The dataset contains information on most movies from 2014 and 2015 and was used to help the team at FiveThirtyEight explore Fandango's suspiciously high ratings.

The goal is to figure out suspiciously high ratings with Descriptive Statistics

In [1]:

import pandas as pd
movies = pd.read_csv("fandango_score_comparison.csv")

In [2]:

movies.head()

Out[2]:

	FILM	RottenTomatoes	RottenTomatoes_User	Metacritic	Metacritic_User	IMDB	Fandango_Stars	Fandango_Ratingvalue	RT_norm	RT_user_norm	...	IMDB_norm	RT_norm_round	RT_user_norm_round	Metacritic_norm_round	Metacritic_user_norm_round	IMDB_norm_round	Metacritic_user_vote_count	IMDB_user_vote_count	Fandango_votes	Fandango_Difference
0	Avengers: Age of Ultron (2015)	74	86	66	7.1	7.8	5.0	4.5	3.70	4.3	...	3.90	3.5	4.5	3.5	3.5	4.0	1330	271107	14846	0.5
1	Cinderella (2015)	85	80	67	7.5	7.1	5.0	4.5	4.25	4.0	...	3.55	4.5	4.0	3.5	4.0	3.5	249	65709	12640	0.5
2	Ant-Man (2015)	80	90	64	8.1	7.8	5.0	4.5	4.00	4.5	...	3.90	4.0	4.5	3.0	4.0	4.0	627	103660	12055	0.5
3	Do You Believe? (2015)	18	84	22	4.7	5.4	5.0	4.5	0.90	4.2	...	2.70	1.0	4.0	1.0	2.5	2.5	31	3136	1793	0.5
4	Hot Tub Time Machine 2 (2015)	14	28	29	3.4	5.1	3.5	3.0	0.70	1.4	...	2.55	0.5	1.5	1.5	1.5	2.5	88	19560	1021	0.5

5 rows × 22 columns

Histograms¶

In [39]:

%matplotlib inline
import matplotlib.pyplot as plt

plt.hist(movies['Fandango_Stars'])
plt.show()
plt.hist(movies['Metacritic_norm_round'])
plt.show()

In 'Metacritic' column ratings are spread out in contrast to 'Fandango_Stars' where ratings are between 3.0 and 5.0

Mean, Median, And Standard Deviation¶

In [40]:

mean = movies[['Fandango_Stars','Metacritic_norm_round']].mean()
median = movies[['Fandango_Stars','Metacritic_norm_round']].median()
std = movies[['Fandango_Stars','Metacritic_norm_round']].std()
print(mean, median, std)

Fandango_Stars           4.089041
Metacritic_norm_round    2.972603
dtype: float64 Fandango_Stars           4.0
Metacritic_norm_round    3.0
dtype: float64 Fandango_Stars           0.540386
Metacritic_norm_round    0.990961
dtype: float64

Fandango vs Metacritic Methodology¶

Fandango appears to inflate ratings and isn't transparent about how it calculates and aggregates ratings. Metacritic publishes each individual critic rating, and is transparent about how they aggregate them to get a final rating.

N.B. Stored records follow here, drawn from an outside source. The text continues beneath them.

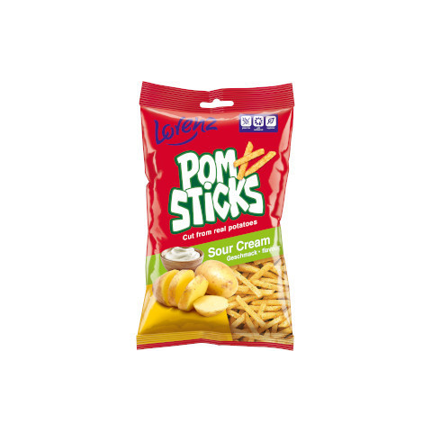 Lorenz Pomsticks 85 g – Sour Cream-tejfölös Ízletes ropogás és savanykás-tejfölös ízvilág egyben — mindez egy praktikus 85 g-os kiszerelésben. A Lorenz Pomsticks Sour Cream-tejfölös változata ideális uzsonnára, irodai snackként vagy esti film mellett
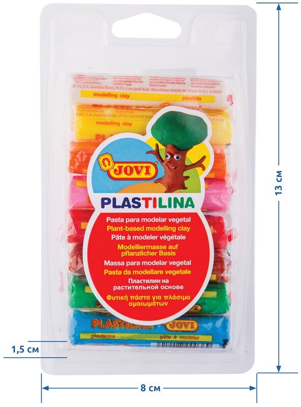 Пластилин растительный JOVI, 8 цветов, 15г, блистер интересное:
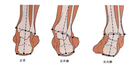 当站立时,从后面观看,距骨和跟骨在同一条直线上,并垂直于地面即为正常姿态。若距骨相对于跟骨向内侧偏,即为足外翻。若距骨相对于跟骨向外侧偏,即为足内翻。

Fandango vs Metacritic differences¶

The median metacritic score appears higher than the mean metacritic score because a few very low reviews "drag down" the mean. The median fandango score is lower than the mean fandango score because a few very high ratings "drag up" the mean.

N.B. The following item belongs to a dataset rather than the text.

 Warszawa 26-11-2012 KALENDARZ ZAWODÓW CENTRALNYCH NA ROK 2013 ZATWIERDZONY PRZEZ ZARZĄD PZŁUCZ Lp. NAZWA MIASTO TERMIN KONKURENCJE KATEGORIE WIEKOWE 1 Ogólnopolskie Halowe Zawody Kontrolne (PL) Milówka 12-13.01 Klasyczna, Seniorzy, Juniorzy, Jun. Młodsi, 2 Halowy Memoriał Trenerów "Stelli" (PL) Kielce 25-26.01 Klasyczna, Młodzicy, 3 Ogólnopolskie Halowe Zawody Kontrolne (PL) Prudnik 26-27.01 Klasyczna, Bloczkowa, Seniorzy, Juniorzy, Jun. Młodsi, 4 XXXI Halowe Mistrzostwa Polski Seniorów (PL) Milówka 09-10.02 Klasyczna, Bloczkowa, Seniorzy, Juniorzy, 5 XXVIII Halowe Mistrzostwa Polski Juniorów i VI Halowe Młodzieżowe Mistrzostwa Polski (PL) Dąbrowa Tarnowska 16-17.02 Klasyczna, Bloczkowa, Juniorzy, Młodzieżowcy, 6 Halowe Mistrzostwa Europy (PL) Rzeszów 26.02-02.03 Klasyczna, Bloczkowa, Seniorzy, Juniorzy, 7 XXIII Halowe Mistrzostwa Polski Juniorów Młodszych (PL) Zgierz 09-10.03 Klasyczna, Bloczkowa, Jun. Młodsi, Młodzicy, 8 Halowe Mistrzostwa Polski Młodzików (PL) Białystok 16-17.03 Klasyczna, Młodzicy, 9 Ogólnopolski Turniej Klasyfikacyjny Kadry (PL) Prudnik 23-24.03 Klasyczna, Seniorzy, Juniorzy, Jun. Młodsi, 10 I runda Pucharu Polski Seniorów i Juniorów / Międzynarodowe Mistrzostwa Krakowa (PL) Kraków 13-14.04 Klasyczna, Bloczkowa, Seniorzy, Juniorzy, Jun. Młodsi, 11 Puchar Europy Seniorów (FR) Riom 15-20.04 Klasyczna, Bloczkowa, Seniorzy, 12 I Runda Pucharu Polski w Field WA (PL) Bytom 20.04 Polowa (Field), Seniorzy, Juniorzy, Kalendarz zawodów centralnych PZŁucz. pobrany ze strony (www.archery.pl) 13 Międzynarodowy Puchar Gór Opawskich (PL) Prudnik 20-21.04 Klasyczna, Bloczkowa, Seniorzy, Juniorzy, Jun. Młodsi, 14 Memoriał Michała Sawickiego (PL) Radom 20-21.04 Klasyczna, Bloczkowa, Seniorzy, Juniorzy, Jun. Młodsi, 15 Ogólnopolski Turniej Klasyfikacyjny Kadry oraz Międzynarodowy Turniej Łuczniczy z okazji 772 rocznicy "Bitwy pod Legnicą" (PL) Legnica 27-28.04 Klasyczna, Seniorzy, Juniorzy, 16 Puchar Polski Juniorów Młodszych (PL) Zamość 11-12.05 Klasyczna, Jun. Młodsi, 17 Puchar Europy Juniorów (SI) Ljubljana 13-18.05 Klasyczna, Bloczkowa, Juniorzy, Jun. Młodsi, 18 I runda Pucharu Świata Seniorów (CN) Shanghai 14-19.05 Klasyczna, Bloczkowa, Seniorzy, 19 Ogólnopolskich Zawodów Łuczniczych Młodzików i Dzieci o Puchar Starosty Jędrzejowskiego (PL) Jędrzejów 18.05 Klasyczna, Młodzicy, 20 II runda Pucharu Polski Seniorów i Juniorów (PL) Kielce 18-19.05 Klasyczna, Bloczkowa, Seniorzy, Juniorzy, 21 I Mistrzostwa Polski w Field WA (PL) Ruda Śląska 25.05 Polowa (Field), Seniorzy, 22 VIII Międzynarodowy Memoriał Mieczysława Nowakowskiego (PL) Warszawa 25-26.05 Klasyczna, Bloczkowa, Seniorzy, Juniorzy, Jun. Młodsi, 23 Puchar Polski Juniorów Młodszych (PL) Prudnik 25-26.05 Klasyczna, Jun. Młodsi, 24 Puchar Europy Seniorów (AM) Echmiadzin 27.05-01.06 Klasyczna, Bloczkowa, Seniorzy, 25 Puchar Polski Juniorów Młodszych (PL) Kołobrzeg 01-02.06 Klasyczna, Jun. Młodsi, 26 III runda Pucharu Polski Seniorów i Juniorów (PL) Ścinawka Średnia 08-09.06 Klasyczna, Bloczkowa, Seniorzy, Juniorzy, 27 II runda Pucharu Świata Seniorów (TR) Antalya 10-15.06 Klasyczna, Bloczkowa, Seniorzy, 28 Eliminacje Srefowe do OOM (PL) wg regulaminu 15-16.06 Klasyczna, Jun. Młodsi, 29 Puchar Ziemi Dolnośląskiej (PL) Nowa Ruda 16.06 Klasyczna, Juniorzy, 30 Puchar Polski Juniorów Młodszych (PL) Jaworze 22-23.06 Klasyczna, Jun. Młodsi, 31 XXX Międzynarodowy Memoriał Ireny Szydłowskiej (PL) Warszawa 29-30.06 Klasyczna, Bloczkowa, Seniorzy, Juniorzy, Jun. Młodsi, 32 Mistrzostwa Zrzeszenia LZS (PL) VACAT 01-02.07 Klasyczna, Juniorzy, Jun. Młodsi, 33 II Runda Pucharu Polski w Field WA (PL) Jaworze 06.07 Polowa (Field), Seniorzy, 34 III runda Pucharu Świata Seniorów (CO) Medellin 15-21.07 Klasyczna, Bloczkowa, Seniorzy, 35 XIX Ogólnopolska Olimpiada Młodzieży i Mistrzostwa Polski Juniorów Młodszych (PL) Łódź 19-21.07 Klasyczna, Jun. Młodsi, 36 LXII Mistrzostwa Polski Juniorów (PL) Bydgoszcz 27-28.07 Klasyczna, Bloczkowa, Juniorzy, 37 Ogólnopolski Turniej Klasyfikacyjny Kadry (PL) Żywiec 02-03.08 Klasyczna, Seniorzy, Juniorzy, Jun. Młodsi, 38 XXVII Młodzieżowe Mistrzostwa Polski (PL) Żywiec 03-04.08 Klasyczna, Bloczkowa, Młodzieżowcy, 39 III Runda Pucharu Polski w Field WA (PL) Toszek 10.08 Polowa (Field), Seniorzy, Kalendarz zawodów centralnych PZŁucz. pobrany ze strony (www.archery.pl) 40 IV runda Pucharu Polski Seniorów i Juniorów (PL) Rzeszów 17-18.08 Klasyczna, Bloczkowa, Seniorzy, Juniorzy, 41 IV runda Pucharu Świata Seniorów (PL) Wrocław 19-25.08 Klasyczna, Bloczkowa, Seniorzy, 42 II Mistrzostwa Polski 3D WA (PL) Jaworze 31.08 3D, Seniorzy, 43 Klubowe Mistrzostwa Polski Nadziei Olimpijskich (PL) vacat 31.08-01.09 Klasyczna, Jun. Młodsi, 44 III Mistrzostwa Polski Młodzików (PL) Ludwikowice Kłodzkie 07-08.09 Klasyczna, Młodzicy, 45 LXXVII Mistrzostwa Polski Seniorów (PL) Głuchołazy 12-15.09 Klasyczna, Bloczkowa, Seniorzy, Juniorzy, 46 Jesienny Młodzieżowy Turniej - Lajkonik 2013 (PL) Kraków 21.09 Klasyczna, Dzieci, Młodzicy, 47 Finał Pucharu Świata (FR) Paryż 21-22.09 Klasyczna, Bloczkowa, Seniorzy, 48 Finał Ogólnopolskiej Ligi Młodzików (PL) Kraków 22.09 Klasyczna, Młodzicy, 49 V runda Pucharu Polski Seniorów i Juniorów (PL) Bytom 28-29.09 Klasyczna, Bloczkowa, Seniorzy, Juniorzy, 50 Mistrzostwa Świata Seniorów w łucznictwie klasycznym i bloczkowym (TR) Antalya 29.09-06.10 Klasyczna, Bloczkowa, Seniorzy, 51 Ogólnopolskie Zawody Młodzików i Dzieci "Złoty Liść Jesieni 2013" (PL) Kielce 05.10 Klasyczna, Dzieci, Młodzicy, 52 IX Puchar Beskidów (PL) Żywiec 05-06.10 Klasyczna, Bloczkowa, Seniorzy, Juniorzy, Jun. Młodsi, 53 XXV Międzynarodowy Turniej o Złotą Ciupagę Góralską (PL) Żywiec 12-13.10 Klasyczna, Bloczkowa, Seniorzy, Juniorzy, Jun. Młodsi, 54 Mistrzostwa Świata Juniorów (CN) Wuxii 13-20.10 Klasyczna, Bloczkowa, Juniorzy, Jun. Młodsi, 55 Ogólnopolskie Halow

Fandango ratings appear clustered between 3 and 5 so the Standard Deviation is smaller than Metacritic reviews, which go from 0 to 5, with a higher Standard Deviation.

Fandango ratings in general appear to be higher than metacritic ratings.

Fandango's main business is selling movie tickets, so they could bias their ratings to sell more tickets. And it explain why they calculates its ratings in a hidden way.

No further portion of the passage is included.